A Complete Estate Plan Is an Affirmation of Your Life

Featured Article
July 2014

Once when St. Francis of Assisi was tending his garden, a person asked him, “What would you do if you suddenly learned that you would die at sunset?” St. Francis replied in a manner that reverberates for planned giving: “I would continue hoeing my garden.”

His response has three possible meanings:

  • He was satisfied with the quality of his life and saw no need to alter its course.
  • All of his affairs were in order and nothing remained to be done in the limited time he had.
  • Even though he personally would never harvest the fruits of his current labor, he was content to keep laboring for the benefit of those who came after him.

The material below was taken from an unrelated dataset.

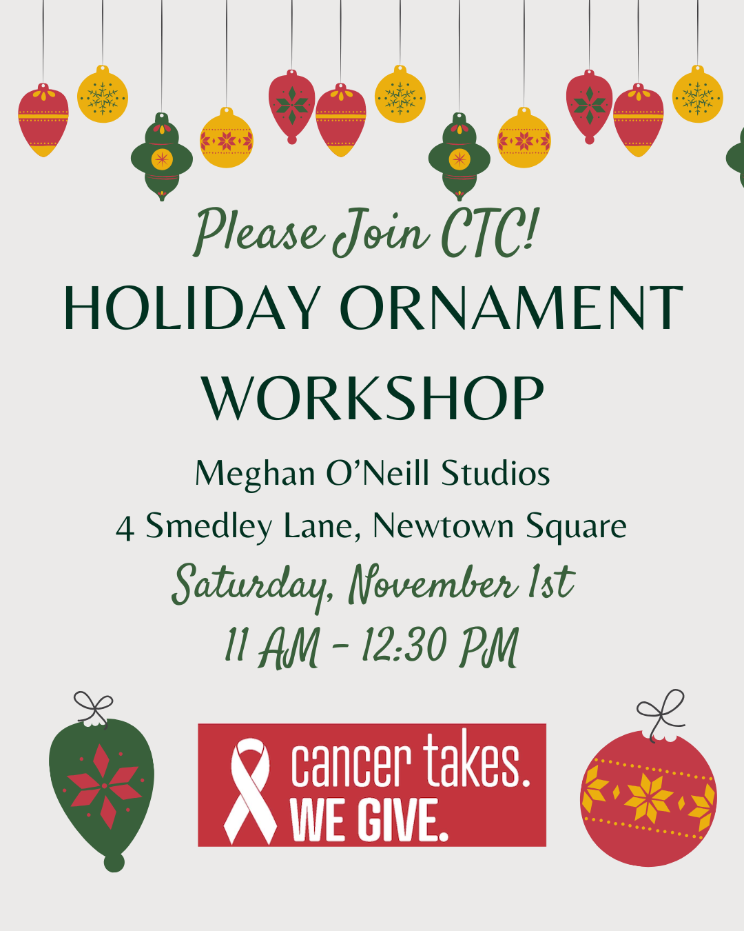 Join us on Saturday, November 1st for a Holiday Ornament Making workshop at Meghan O’Neill Studios in Newtown Square. We will come together to make beautiful custom ornaments perfect for decorating your home or giving as a memorable gift! Space is limited and registration is required so save your spot today!

Sometimes when an event causes people to confront their mortality, they engage in introspection about their relationships and values, they make amends to those they have hurt, and they fundamentally change their lifestyle. Possibly they are stimulated to complete the estate plan they have long postponed and finally take the steps to ensure that their wishes will be fulfilled. Maybe they start thinking about the ways they can use lifetime accumulations to make a difference in the lives of the next generation.

One intrepid elderly individual commented that she expected to live for another seven years. Apparently, she based this on her current state of health and the longevity of her relatives. Obviously, we don’t know how long we will be here. That is why a good estate plan should work whether life is foreshortened or we live to be 110. A well-conceived plan, for instance, includes contingencies depending on family circumstances at the end of one’s life.

A complete estate plan is also an affirmation of the meaning of your life—what you value, your affections, and the ways in which you want your life to have made a difference. We recognize that a legacy gift that continues the work of our organization, which you have supported during your life, may only be one part of a comprehensive legacy plan. But we would be pleased to discuss ways you can have the greatest impact on the lives of those we serve.

You may be able to accomplish far more than you ever dreamed. According to another quotation attributed to St. Francis, “Start by doing what is necessary; then do what is possible; and suddenly you are doing the impossible.”